*Recorded information*

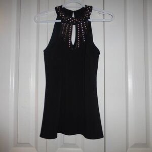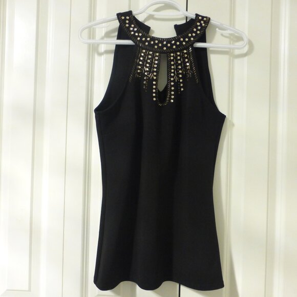 LE CHATEAU black sleeveless top with keyhole neckline and gold bead accents
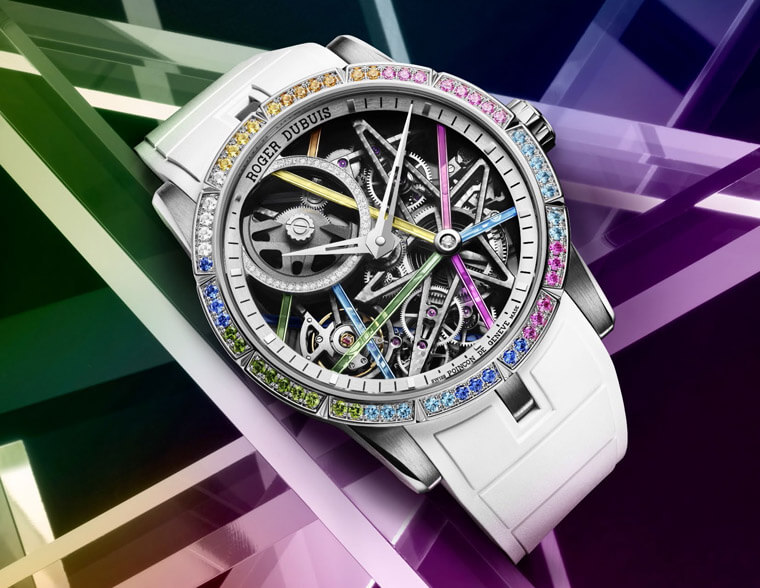Excalibur Blacklight限量版以白金材質製作錶殼,錶圈上的多色寶石包括藍寶石、電氣石與石榴石,總計達60顆,約重1.1克拉,它的錶徑42mm對於亞洲人而言不會顯得負擔沉重。羅杰杜彼替錶款配置的是白色橡膠錶帶,這與錶款散發的優雅貴氣剛好可以呼應,有別於Excalibur系列與人的粗獷形象,反倒呈現出一絲斯文的氣質。
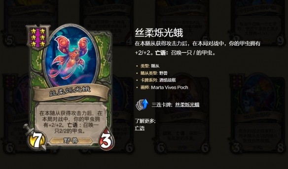 2、絲柔爍光蛾每次獲得攻擊力都會讓甲蟲+2+2,我們可以通過遺骸看管者+古墓搗蛋鬼+瑞文戴爾的方式來快速的提升絲柔爍光蛾的攻擊力。
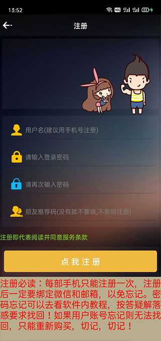 2、点击注册并输入用户名和密码;

*Exercise description*
Repeat the listing in full and exactly. Leave any pictures out.

*Your response*
 LE CHATEAU black sleeveless top with keyhole neckline and gold bead accents
Excalibur Blacklight限量版以白金材質製作錶殼,錶圈上的多色寶石包括藍寶石、電氣石與石榴石,總計達60顆,約重1.1克拉,它的錶徑42mm對於亞洲人而言不會顯得負擔沉重。羅杰杜彼替錶款配置的是白色橡膠錶帶,這與錶款散發的優雅貴氣剛好可以呼應,有別於Excalibur系列與人的粗獷形象,反倒呈現出一絲斯文的氣質。
 2、絲柔爍光蛾每次獲得攻擊力都會讓甲蟲+2+2,我們可以通過遺骸看管者+古墓搗蛋鬼+瑞文戴爾的方式來快速的提升絲柔爍光蛾的攻擊力。
 2、点击注册并输入用户名和密码;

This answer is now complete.